Task brief: Before returning the data, strip out the pictures and keep everything else exactly the same.

Input data:
────

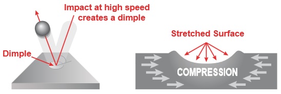 - Poprawia zdolność smarowania powierzchni – powstałe przez uderzenia śrutu "mikrodołeczki" umożliwiają bardzie efektywne smarowanie.
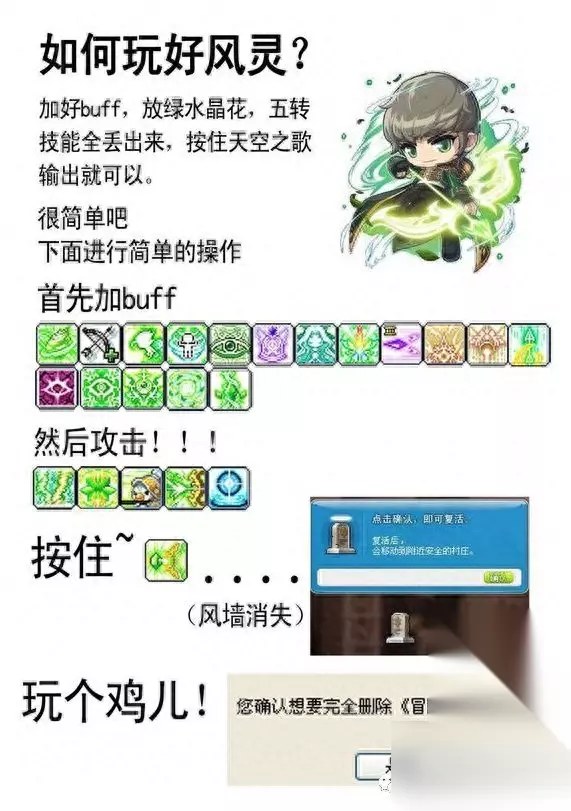 6、攻击BOSS! 常规如果想挑战到进阶(贝伦、女王、半半、小丑)以及斯乌、黛米安的话,面板上90无视就足够了。加满buff后,先丢束缚击: 常规输出天空之歌,攻击BOSS时释放懒虫、呼啸暴风(该技能也是主要输出技能,段数攻击很高)。同时释放冒险骑士团方阵: 风灵在对抗斯乌的时候,可以灵活运用风影漫步(一个非常好的位移技能,一直多按该技能可以使得一段时间一直悬空,但触碰到地图最左或最右的时候会掉落下来): 可以在斯乌2,3阶段释放地下电流的情况下通过该技能躲避伤害。 另外,针对秒杀技能,风墙也提供了一个小无敌: 玩家在预判会被秒杀的情况下,提早释放风墙可以避免被秒杀。 针对部分BOSS,风灵提供了一个小减速技能(绿水晶花): 该技能打贝勒德的时候非常好用,放一边当做替身让贝勒德攻击他,自己另外一边输出,很舒服。 清理BOSS小怪则可以使用季候风来处理: 按照惯例,来一张如何玩好风行:
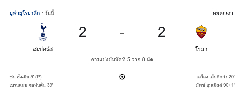 บ้านผลบอล สรุปผล ดวลเดือด ยูฟ่ายูโรปาลีก! ท็อตแน่ม ฮ็อทสเปอร์ ไล่ตามตีเสมอ โรม่า สุดระทึก 2-2

────

Result for this task:
 - Poprawia zdolność smarowania powierzchni – powstałe przez uderzenia śrutu "mikrodołeczki" umożliwiają bardzie efektywne smarowanie.
 6、攻击BOSS! 常规如果想挑战到进阶(贝伦、女王、半半、小丑)以及斯乌、黛米安的话,面板上90无视就足够了。加满buff后,先丢束缚击: 常规输出天空之歌,攻击BOSS时释放懒虫、呼啸暴风(该技能也是主要输出技能,段数攻击很高)。同时释放冒险骑士团方阵: 风灵在对抗斯乌的时候,可以灵活运用风影漫步(一个非常好的位移技能,一直多按该技能可以使得一段时间一直悬空,但触碰到地图最左或最右的时候会掉落下来): 可以在斯乌2,3阶段释放地下电流的情况下通过该技能躲避伤害。 另外,针对秒杀技能,风墙也提供了一个小无敌: 玩家在预判会被秒杀的情况下,提早释放风墙可以避免被秒杀。 针对部分BOSS,风灵提供了一个小减速技能(绿水晶花): 该技能打贝勒德的时候非常好用,放一边当做替身让贝勒德攻击他,自己另外一边输出,很舒服。 清理BOSS小怪则可以使用季候风来处理: 按照惯例,来一张如何玩好风行:
 บ้านผลบอล สรุปผล ดวลเดือด ยูฟ่ายูโรปาลีก! ท็อตแน่ม ฮ็อทสเปอร์ ไล่ตามตีเสมอ โรม่า สุดระทึก 2-2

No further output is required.